I continue to repeat Wings’s own stories here, because it matters. The Native artisans who have long since walked on deserve better than the erasure dominant-culture “expertise” affords them. They deserve recognition for their creations, their talents, their status as the parents and progenitors of what are now whole schools of art no longer limited to the people to whom the style belongs, but mimicked by non-Natives, as well.
Still, it’s time to move around our garden to our next set of stories and the woman who tells them. Like our first grandmother, she is a bit taller, and likewise holds three grandchildren. Like the children to her right, these are a bit more rambunctious, a bit more fidgety: One tries to climb over her right shoulder, while another holds onto the back of her left. From their description:

Aaron Mirabal (Toas Pueblo) has formed this traditional storyteller out of the Pueblo’s micaceous clay. Grandmother holds two children on her lap while one peers over her left shoulder. All are shown in traditional dress, while Grandmother herself wears her hair in Aaron’s trademark Hopi-style butterfly rolls.
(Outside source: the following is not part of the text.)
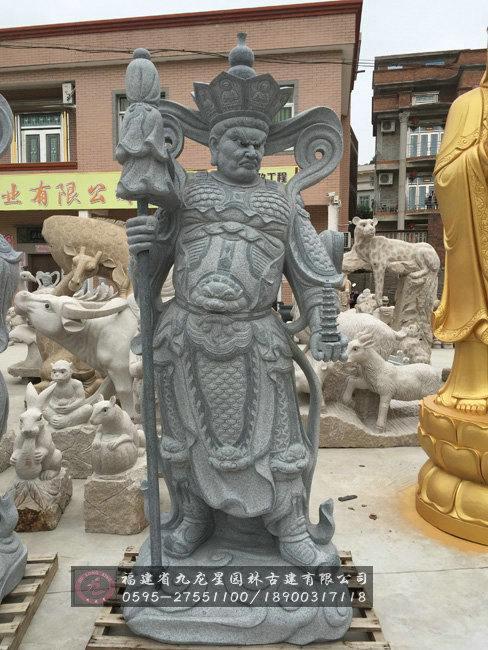 石雕四大天王采用優(yōu)等石材精雕細(xì)琢而成。整尊雕像身軀魁偉,氣勢(shì)威武,兩腿以半弓步橫跨在流云上,顯示出叱咤風(fēng)云,拔山蓋世的英雄氣概。

Height is 3.5″ (dimensions approximate).
Micaceous clay; paint
$155 + shipping, handling, and insurance
And at last, we come to our final grandmother, another petite one holding two very young children. Like the woman to her right, she’s chosen to wear white traditional dress, perhaps a concession to the June heat, and has dressed her grandchildren similarly. From their description:

It’s a storyteller figure sized to fit in the palm of your hand (or take her place on a shelf or mantel), coaxed from local micaceous clay by Aaron Mirabal (Taos Pueblo). Grandmother holds two children on her lap as she passes down the old stories and lessons to them. All “wear” matching traditional dress; Grandmother’s hair is coiled into two butterfly rolls, Hopi-fashion, in what has become Aaron’s trademark style. Figure stands 2-3/8″ high (dimensions approximate).
Micaceous clay
$75 + shipping, handling, and insurance
Finally, amidst the attentive grandmothers and laughing children, we come full circle to the heart of it all: the old Pueblo village house. We’ve looked at the role the village homes play in the culture here, their centrality to daily life as well as to the broader history, culture, spiritual traditions, and art. of the people.
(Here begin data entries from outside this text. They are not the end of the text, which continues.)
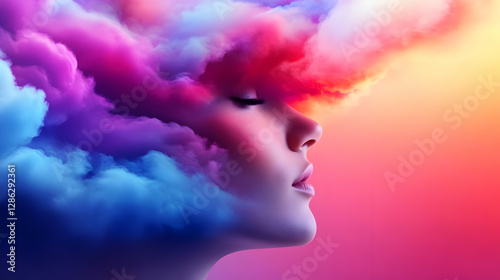A vibrant illustration depicting a serene face enveloped by colorful clouds, representing dreams and creativity.
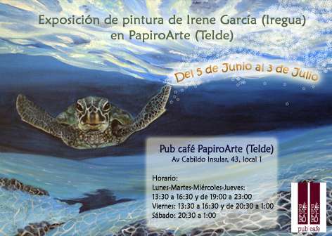 Telde.- El pub café Papiro Arte acoge hasta el próximo 3 de julio una exposición de la artista Irene García (Iregua) que se inauguró el pasado 5 de junio. Se puede visitar en las instalaciones de la Avenida Cabildo Insular, 43, local 1, en la zona de Arnao.
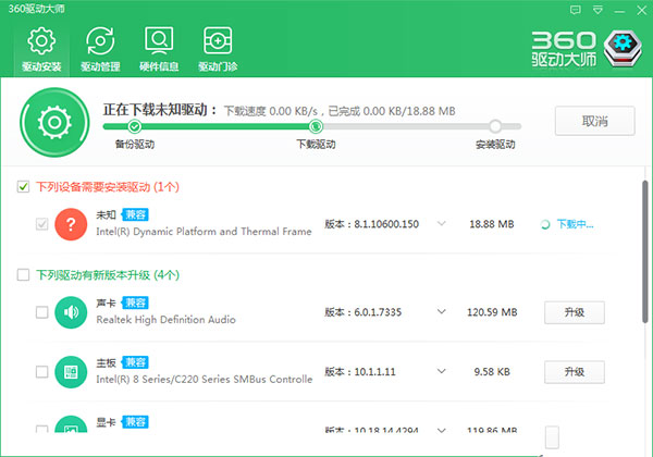 3、360驱动大师将会自动下载并安装。安装完成。
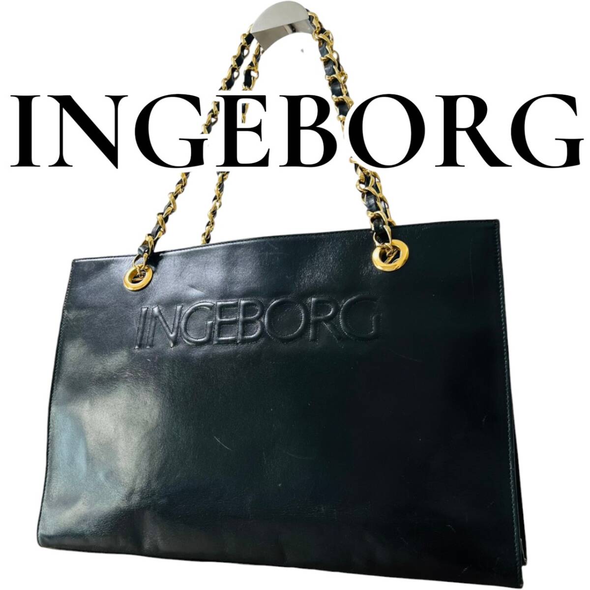 - 【美品】INGEBORG トートバッグ 大容量 A4以上 チェーン 肩掛け 黒

This piece is also by one of Wings’s relatives (as are the storytellers above, by a different cousin). From its description:

Taos Pueblo sculptor/potter Martin Romero has created a miniature Pueblo house with horno (oven), in the shape of the Pueblo’s iconic multi-story architecture. House and horno are the people’s own local micaceous clay, glowing with warm metallic flecks of sunlight. The arbor and ladders are real wood, pieces cut and meticulously stripped by hand, then fashioned into reproductions of the traditional arbors and pine ladders found at the actual village homes. Measures just over 5.5″ long by 3″ high by 3.75″ deep (dimensions approximate).
Micaceous clay; wood
$175 + shipping, handling, and insurance
Requires special handling; extra shipping charges apply
This miniature version of the heart of the Pueblo’s old village is the perfect center for our virtual sculpture garden for children: After all, it is their heritage and their legacy, their history and their identity, rendered in the very earth of the garden itself.
If you listen closely, perhaps you’ll hear the stories, whispered on the soft summer winds.